> [Your objective] Write the data out again, character for character, with no images.

> [Given data]
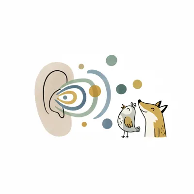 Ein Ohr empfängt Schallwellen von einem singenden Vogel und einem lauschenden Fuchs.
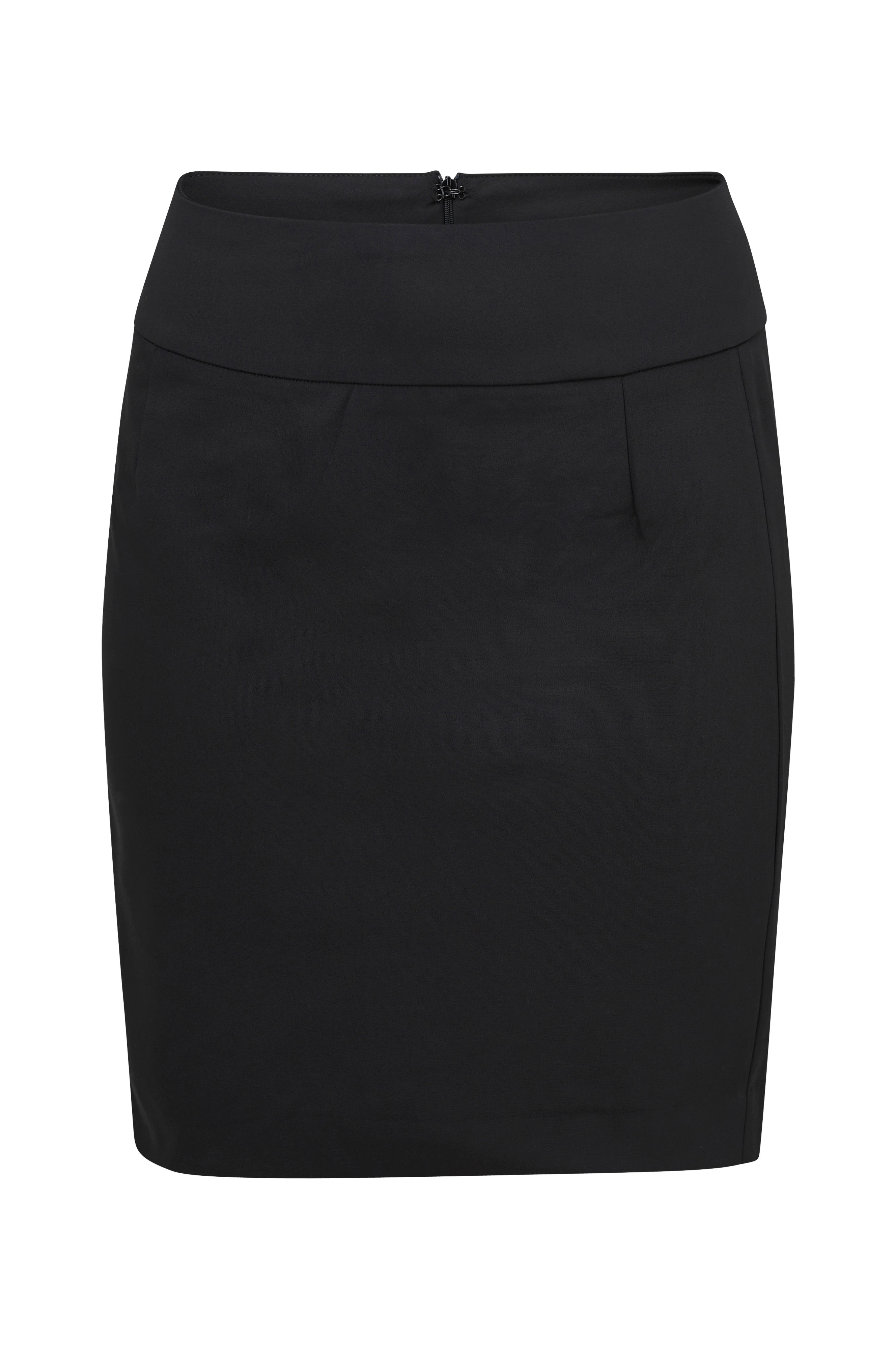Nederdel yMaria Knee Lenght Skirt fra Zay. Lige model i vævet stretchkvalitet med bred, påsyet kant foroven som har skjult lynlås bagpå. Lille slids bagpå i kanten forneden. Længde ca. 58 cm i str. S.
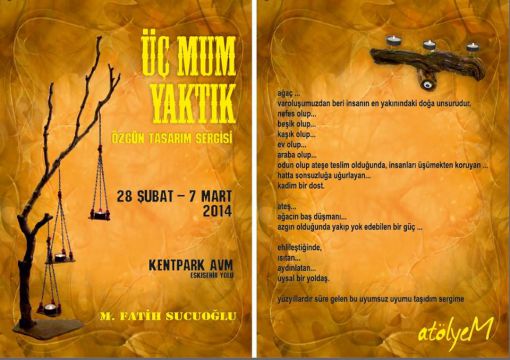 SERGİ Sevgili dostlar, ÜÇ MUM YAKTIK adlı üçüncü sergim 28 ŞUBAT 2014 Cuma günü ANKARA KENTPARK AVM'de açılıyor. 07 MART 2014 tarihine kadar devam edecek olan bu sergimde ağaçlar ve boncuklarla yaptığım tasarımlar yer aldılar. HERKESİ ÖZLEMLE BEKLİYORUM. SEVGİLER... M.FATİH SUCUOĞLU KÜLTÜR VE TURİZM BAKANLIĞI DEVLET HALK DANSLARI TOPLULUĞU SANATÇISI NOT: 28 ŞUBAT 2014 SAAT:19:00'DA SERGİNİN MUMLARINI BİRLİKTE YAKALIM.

> [Response to this task]
 Ein Ohr empfängt Schallwellen von einem singenden Vogel und einem lauschenden Fuchs.
Nederdel yMaria Knee Lenght Skirt fra Zay. Lige model i vævet stretchkvalitet med bred, påsyet kant foroven som har skjult lynlås bagpå. Lille slids bagpå i kanten forneden. Længde ca. 58 cm i str. S.
 SERGİ Sevgili dostlar, ÜÇ MUM YAKTIK adlı üçüncü sergim 28 ŞUBAT 2014 Cuma günü ANKARA KENTPARK AVM'de açılıyor. 07 MART 2014 tarihine kadar devam edecek olan bu sergimde ağaçlar ve boncuklarla yaptığım tasarımlar yer aldılar. HERKESİ ÖZLEMLE BEKLİYORUM. SEVGİLER... M.FATİH SUCUOĞLU KÜLTÜR VE TURİZM BAKANLIĞI DEVLET HALK DANSLARI TOPLULUĞU SANATÇISI NOT: 28 ŞUBAT 2014 SAAT:19:00'DA SERGİNİN MUMLARINI BİRLİKTE YAKALIM.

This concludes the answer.